Among the few artists who take the unclothed figure into a narrative, conceptual or humorous realm is John O’Reilly, who poses his pasty white, nude self as a photographer in re-creations of famous Neo-classical paintings. He’s Ingres with a camera as he faces “La Baigneuse de Valpincon” on a bed. Then he becomes David “Shooting Marat” in a sober send-up of “The Death of Marat.” O’Reilly cleverly casts the photographer as a late arrival on the scene of art history, an owlish voyeur and a stage director who can infuse old chestnuts with fresh meaning.

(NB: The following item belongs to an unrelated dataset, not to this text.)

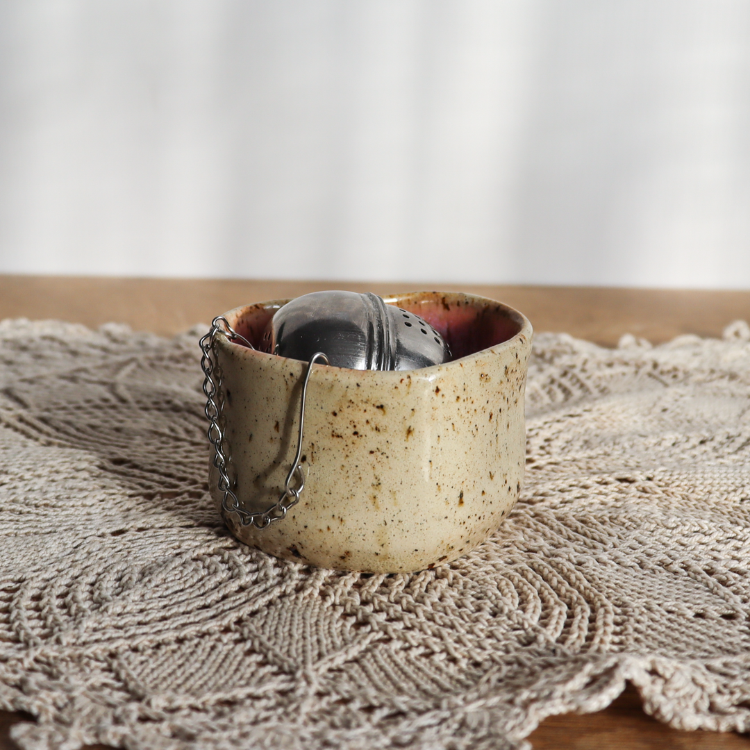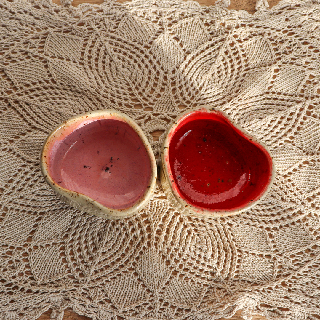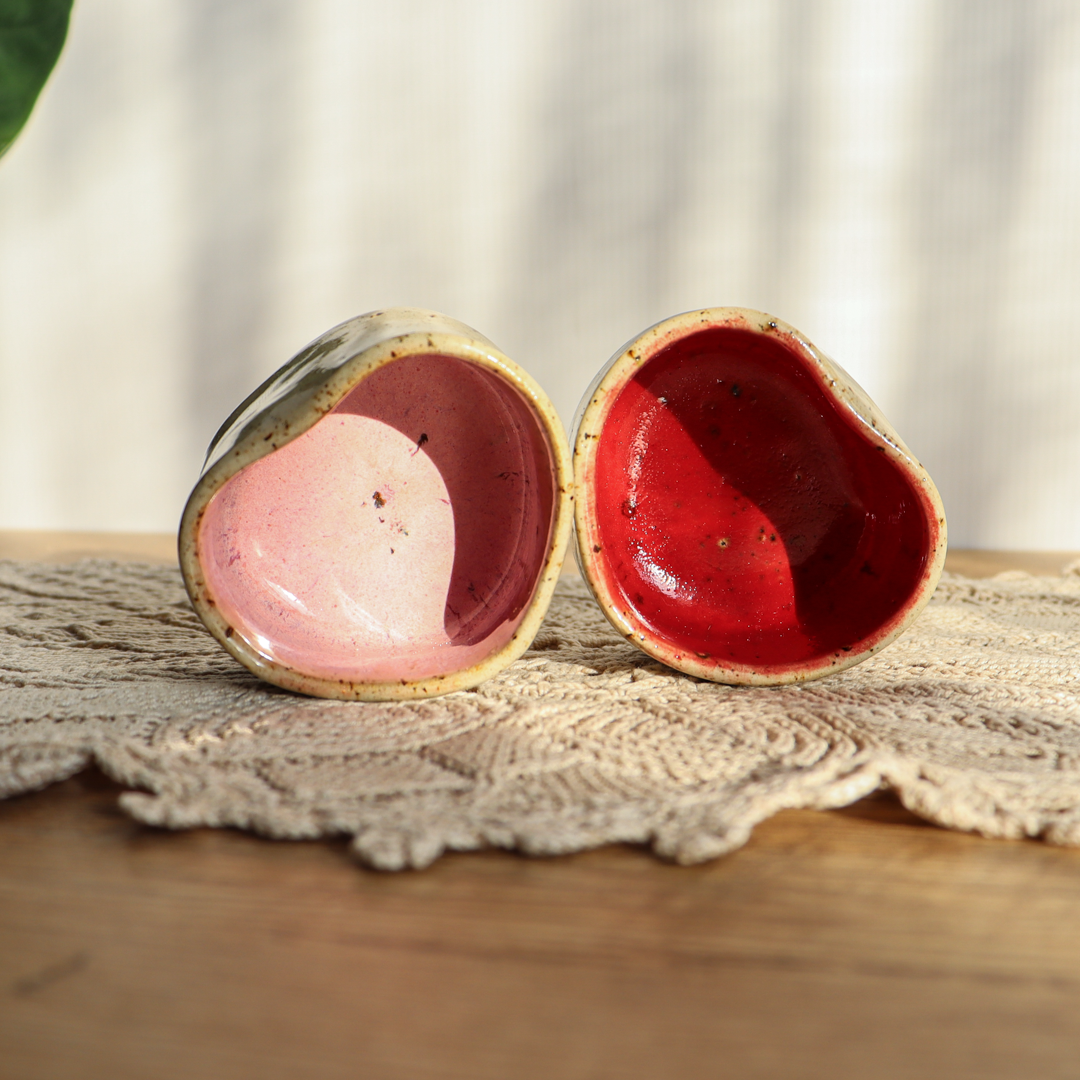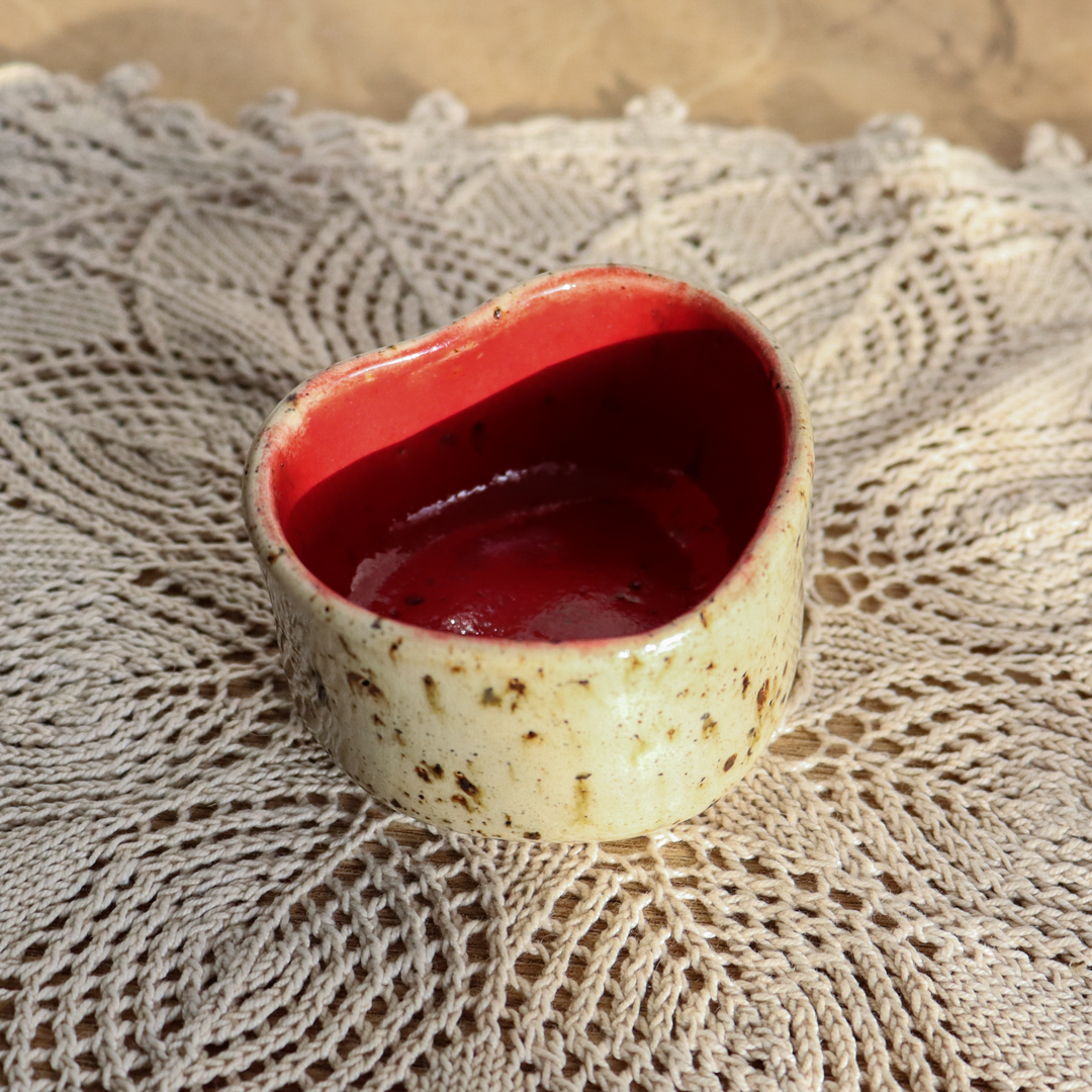 Ręcznie wykonany z beżowej gliny charakteryzującej się drobnymi piegami, świecznik ceramiczny – Serce, to wyjątkowy element dekoracyjny, który doskonale podkreśli urok wnętrza. Jest uformowany na kształt serca a jego wnętrze jest pokryte różowym, czerwonym lub bezbarwnym (z czerwoną obwódką na brzegu) szkliwem, podkreślającymi jego kształt. Został stworzony z myślą o standardowych wkładach t-light, ale jego wymiary o średnicy 6 cm wewnętrznej oraz 4 cm wysokości, pozwalają także na odłożenie zaparzacza do herbaty, dołączonego w zestawie.

The still lifes, called “Object and Form,” compose the coolest segment of the show, but they can be as damp and erotic as Chris Enos’ close-ups of flowers or as disturbing as Rosamund Purcell’s photographs of monkey skins whose faces stare out like specters of bestiality. Olivia Parker, an artist who deserves more exposure in Southern California than she has been given, shows still lifes of bright fruit on dark backgrounds that have the brooding presence of Old Master paintings.

The exhibition is not the last word on Polaroids. It certainly could be reworked, expanded and variously presented, say, to illustrate a historical progression, analyze artistic attitudes or compare ways of working. There’s much curatorial work left to do with a medium that is known for producing quick, little unique images but often records laboriously constructed tableaux and--in some Polaroid films--has usable negatives that can print multiple enlargements.

But those are future projects, and “Legacy of Light” can be credited with doing some of the groundwork. In the present show, the message is that Polaroids occupy a much larger and more substantial place in photography than we might have imagined. That probably means that artists’ ingenuity is more elastic than any technological wonder.